**Dataset items**
*** Block opens ***

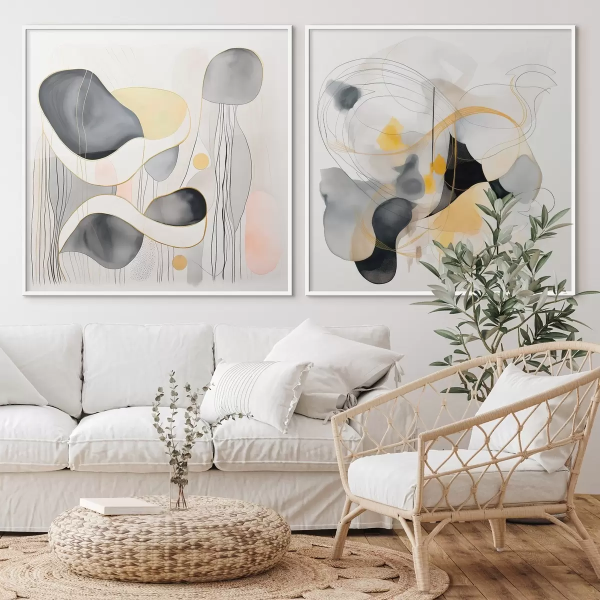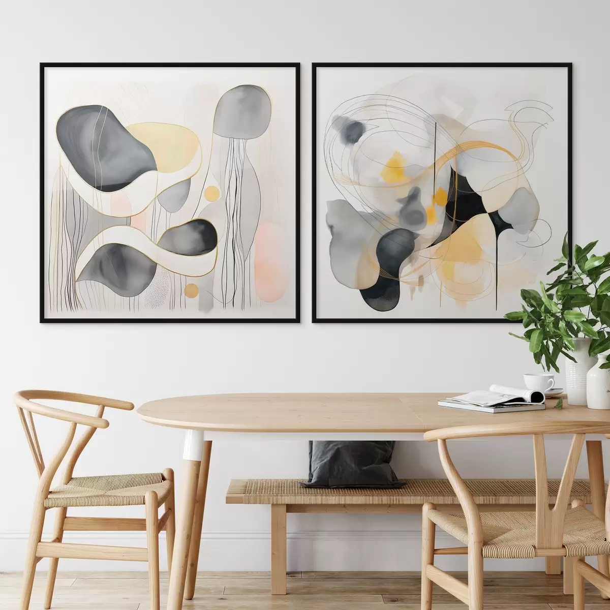 Poster Monochrom und gelbe Akzente im abstrakten Stil Nr d00905
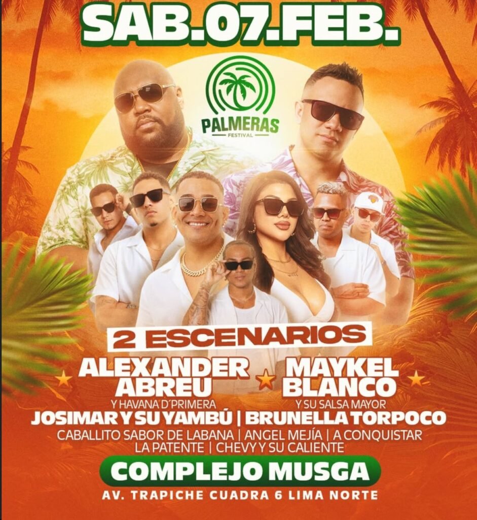 La salsa tiene una cita grande en la capital. Palmeras Festival presenta a dos de los más grandes salseros cubanos de la actualidad: Alexander Abreu y Maykel Blanco, quienes llegan a Lima para protagonizar dos noches consecutivas que prometen hacer historia, acompañados por artistas nacionales que completan una gran cartelera que te harán vivir una noche de salsa inolvidable.
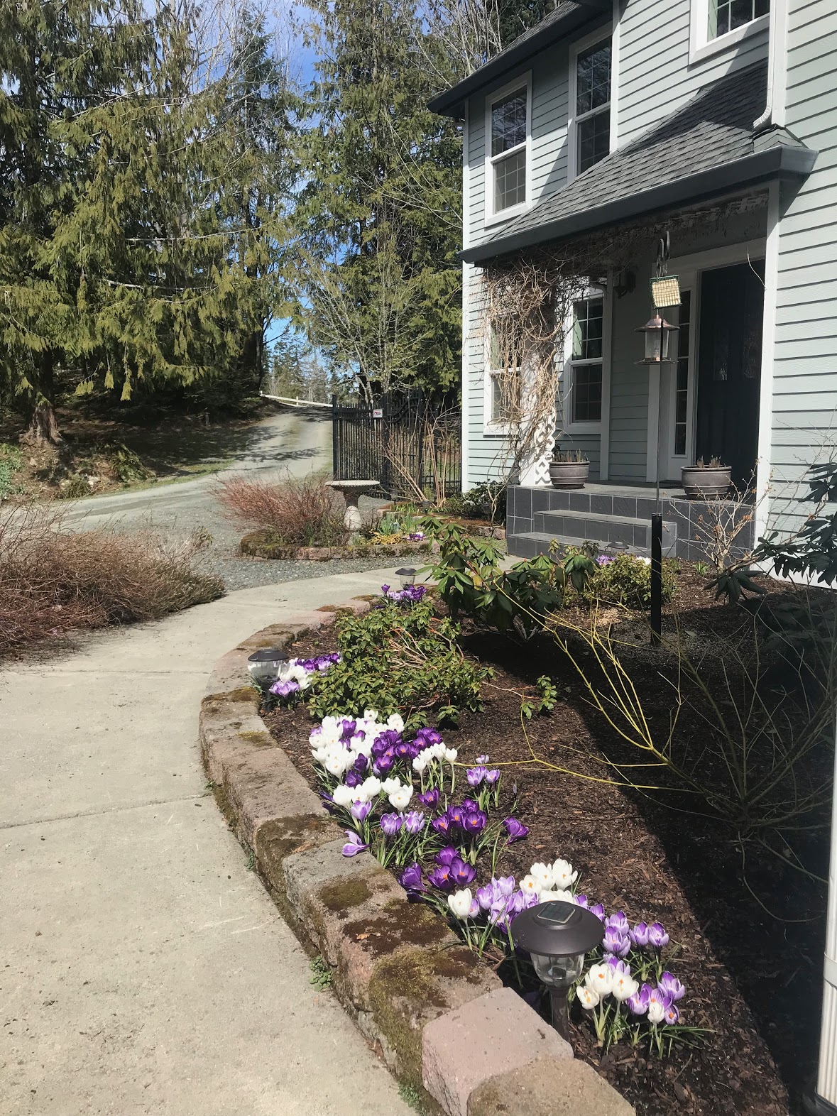 Snowdrops have just about finished, crocuses are still going strong, and not one daffodil has opened yet. We’ll be waiting until partway through April for hyacinths and tulips.
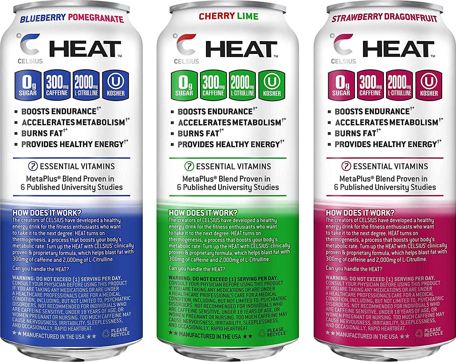 Your Ultimate Training Partner! CELSIUS HEAT is a thermogenic pre-workout drink that's designed to give your body an additional boost during a workout. It provides long-lasting healthy energy without the crash or jitters. As the trainer's grade version of CELSIUS' proprietary MetaPlus formula, this carbonated pre-workout drink delivers the same great benefits as CELSIUS with an added blend of 300mg. of caffeine and 2,000mg. of L-Citrulline (an amino acid) to quickly deliver nutrients throughout your system when you need it most. Why Choose CELSIUS HEAT Un other pre-workout drinks, CELSIUS HEAT uses a proprietary MetaPlus formula with green tea, EGCG, guarana seed extract, and ginger root extract to help deliver performance-worthy energy. CELSIUS HEAT also contains biotin, pantothenic acid, taurine, glucuronolactone, calcium, riboflavin, niacin, and vitamins C, B6, and B12. It contains no sugar, no high fructose corn syrup, no aspartame, no preservatives, no artificial colors or flavors, and no sodium. CELSIUS HEAT's formula is also gluten free, soy free, Kosher, and Vegan. CELSIUS HEAT Performance Energy Drink is carbonated and has the perfect balance of delicious flavor and healthy energy that serves as an awesome tool for stimulating intense workouts. Disclaimer: CELSIUS HEAT alone does not produce weight loss in the absence of a healthy diet and moderate exercise. Make CELSIUS HEAT part of your daily regimen. *These statements have not been evaluated by the Food and Drug Administration. This product is not intended to diagnose, treat, cure or prevent any disease. WARNING: CONSULT YOUR PHYSICIAN BEFORE USING THIS PRODUCT IF YOU ARE TAKING ANY MEDICATIONS OR ARE UNDER A HEALTHCARE PROFESSIONAL'S CARE FOR A MEDICAL CONDITION, INCLUDING, BUT NOT LIMITED TO, PSYCHIATRIC DISORDERS. NOT RECOMMENDED FOR INDIVIDUALS WHO ARE CAFFEINE SENSITIVE, UNDER 18 YEARS OF AGE, OR WOMEN PREGNANT OR NURSING. TOO MUCH CAFFEINE MAY CAUSE NERVOUSNESS, IRRITABILITY, SLEEPLESSNESS, AND OCCASIONALLY, RAPID HEARTBEAT.
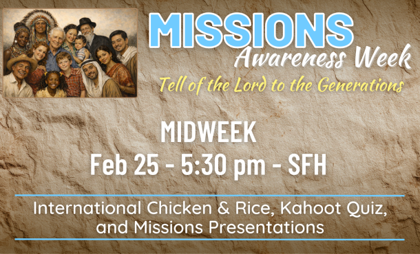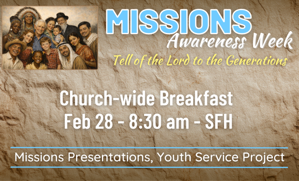 We are excited about our upcoming Missions Awareness Week. Please mark your calendars and plan...
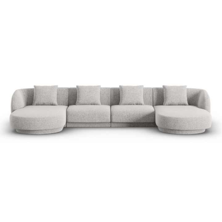 The Tulum Shenil Cosmopolitan-design 5-seater panoramic corner sofa is a modern model with an oval shape that provides comfortable relaxation and blends perfectly with interiors decorated in a minimalist and designer style. The width of the corner sofa is 330 cm, the depth of both sides is 156 cm, the height is 70 cm and the seat height is 40 cm, which makes it an ideal choice for those who value spaciousness and comfort. The longer parts of the corner sofa, in the form of recliners, are 156 cm deep and 125 cm high, allowing you to stretch your legs out comfortably and fully relax. The lack of a sleeping function and a bedding container makes this model intended for everyday use.
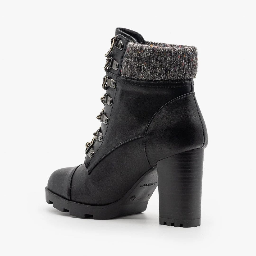 Cold weather doesn’t mean you have to sacrifice style! Look your best all winter long with these chic Bamboo Shoes Pilate-11 booties! Designed with faux leather, these beauties feature a super sassy 4″ stacked heel, a lug sole and rounded toe. These booties rise to just above the ankle and have a cool clasped lace-up design that lets you adjust for the best fit. A sweater-knit cuff gives these booties a lovely cozy finishing touch.
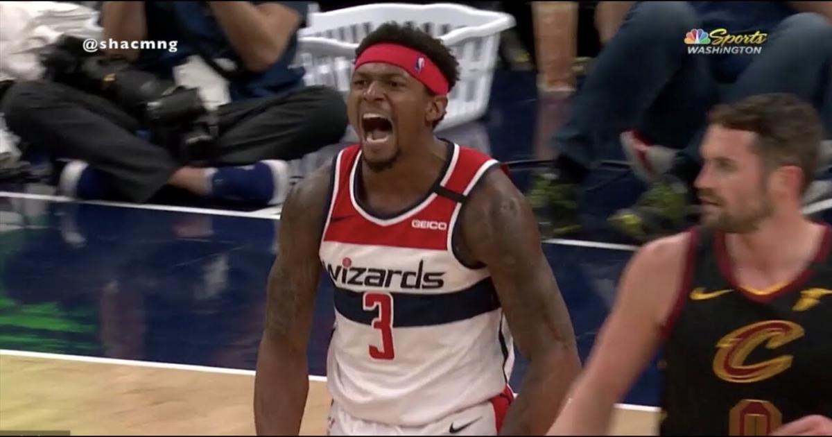 Атакующий защитник «Вашингтона» Брэдли Бил в 3-й четверти матча с «Кливлендом» ворвался в трехсекундную зону и вколотил сверху через центрового соперника Андре Драммонда.
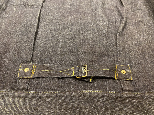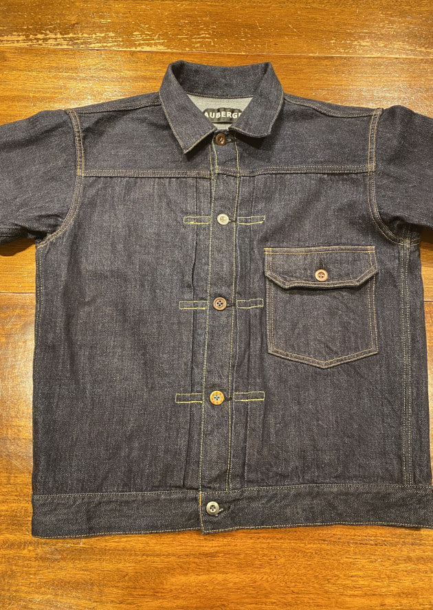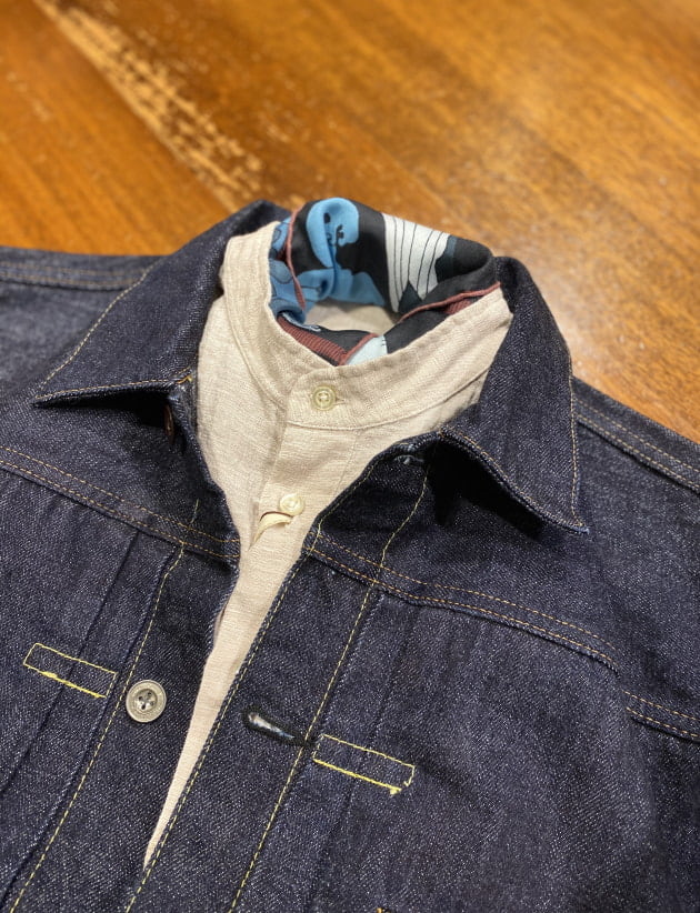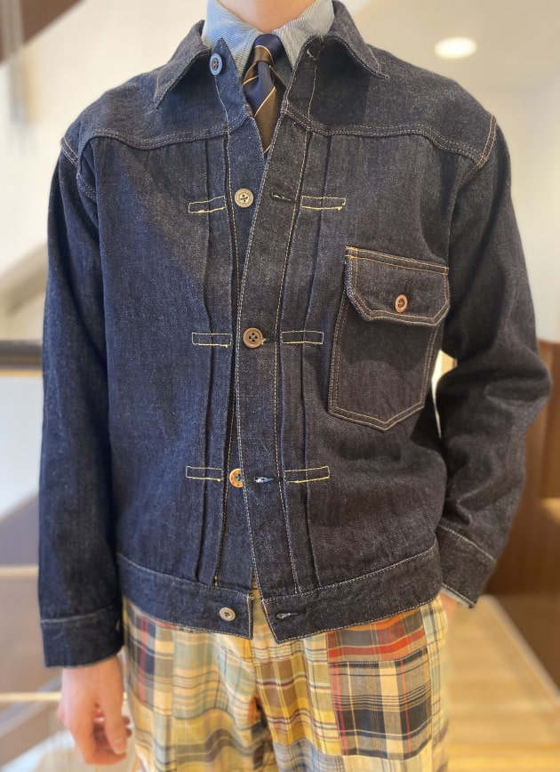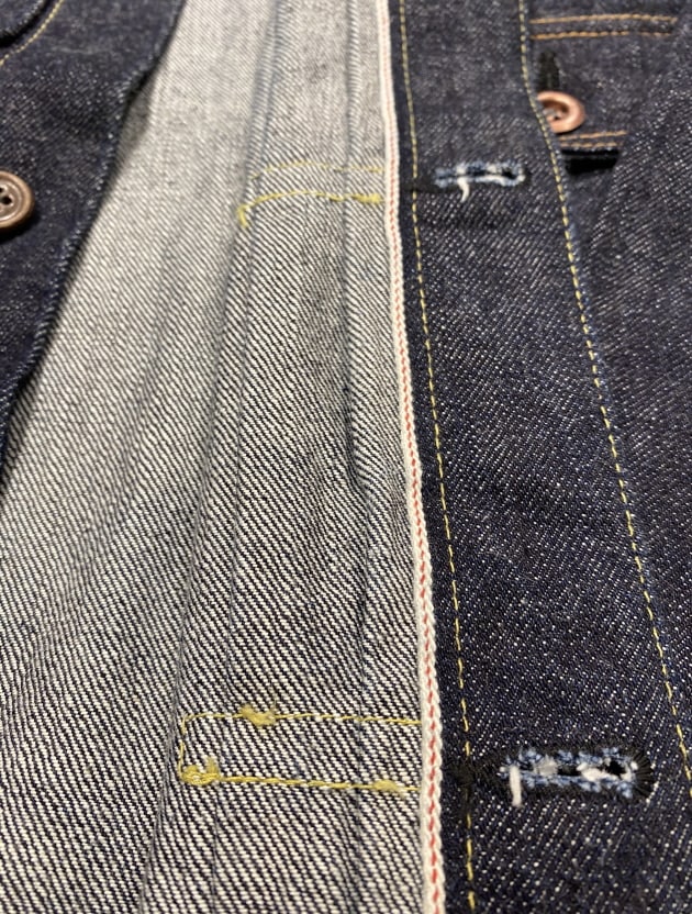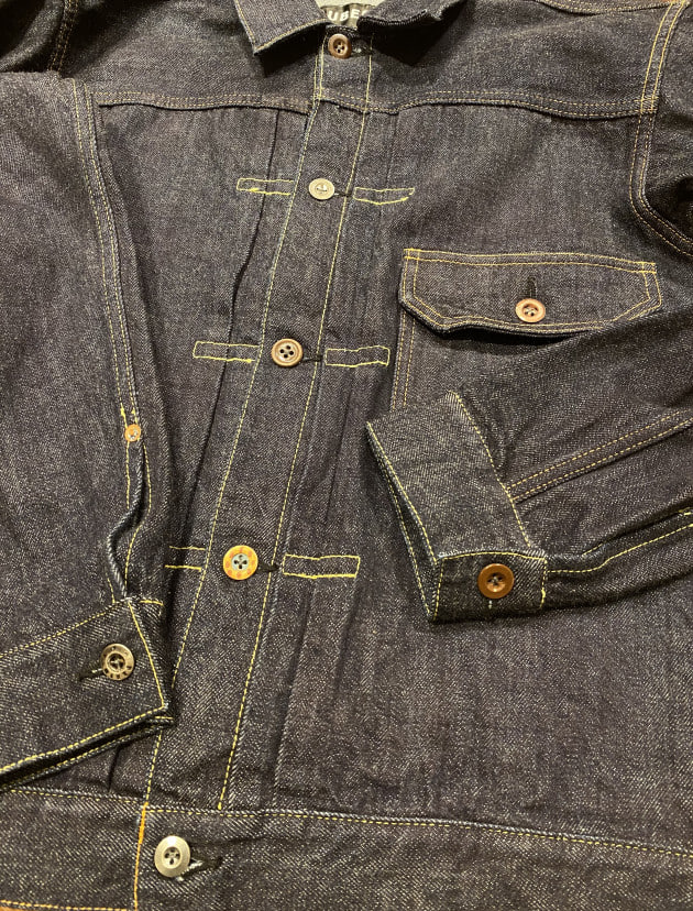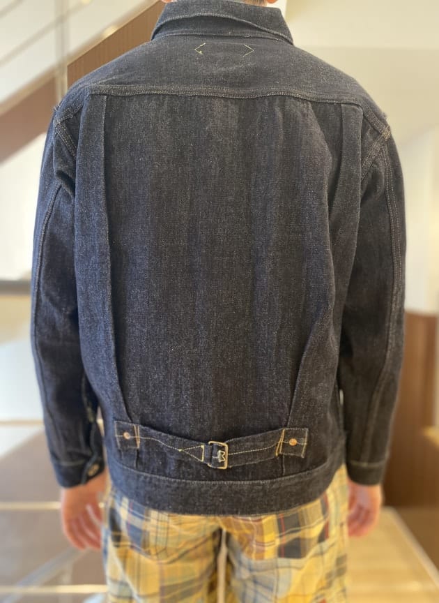 秋冬物ですがこのモデルは半裏仕様です。素材感的にも3シーズンで着用できそうなデニムジャケットです。裏から見てもデニムに見えますね。
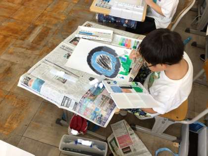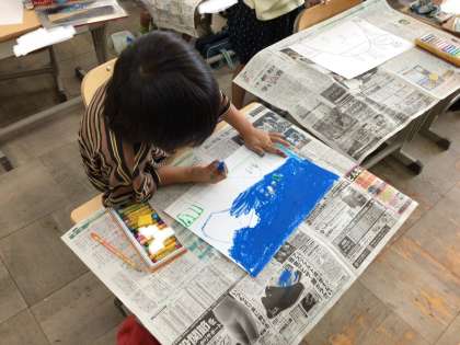 夏休みの思い出を大きな画用紙にかきました。
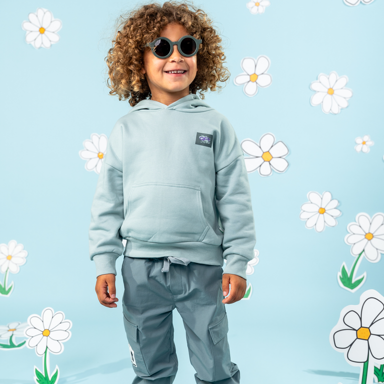 Een taupekleurige broek met zakken in voor- en achterkant. Elastische tailleband met koord.
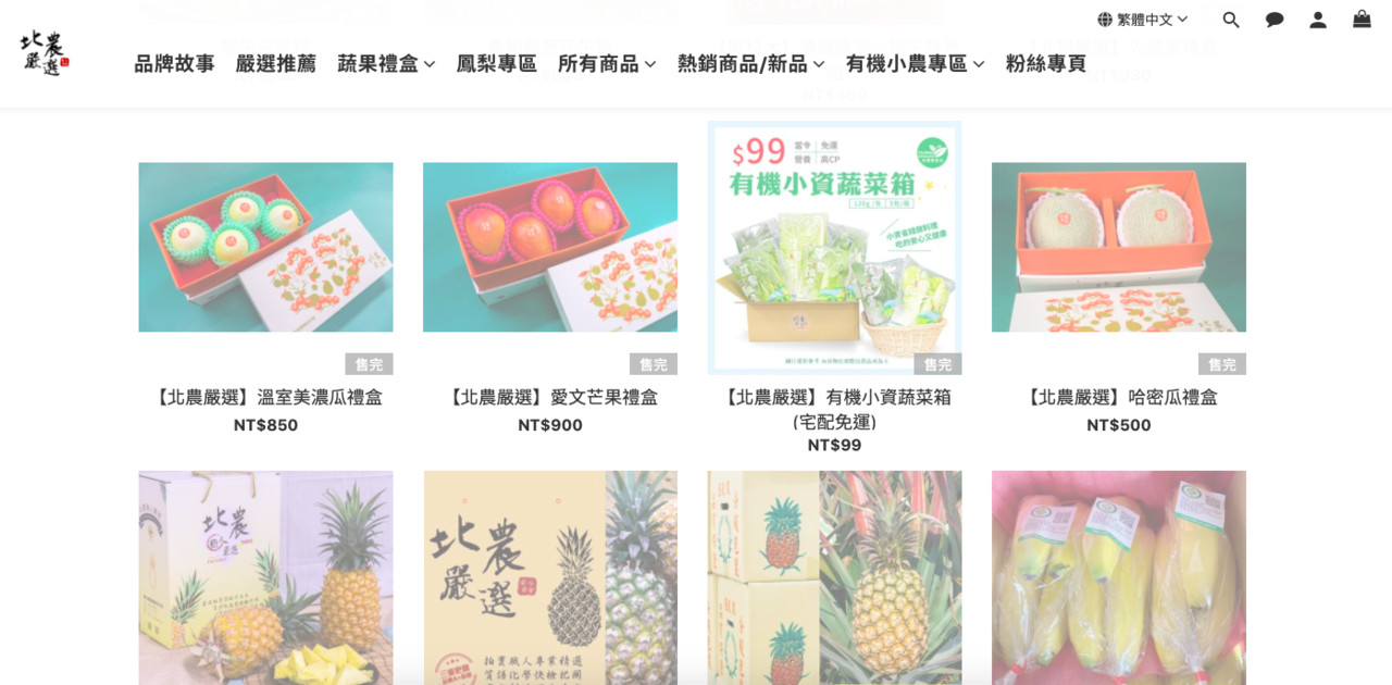 ▲▼北農嚴選許多商品已售完。(圖/翻攝自北農嚴選官網)

*** Block closes ***

Output, exactly and without pictures, the span of lines that starts at the line containing "秋冬物ですがこのモデルは半裏" and ends at the last line above.

 秋冬物ですがこのモデルは半裏仕様です。素材感的にも3シーズンで着用できそうなデニムジャケットです。裏から見てもデニムに見えますね。
 夏休みの思い出を大きな画用紙にかきました。
 Een taupekleurige broek met zakken in voor- en achterkant. Elastische tailleband met koord.
 ▲▼北農嚴選許多商品已售完。(圖/翻攝自北農嚴選官網)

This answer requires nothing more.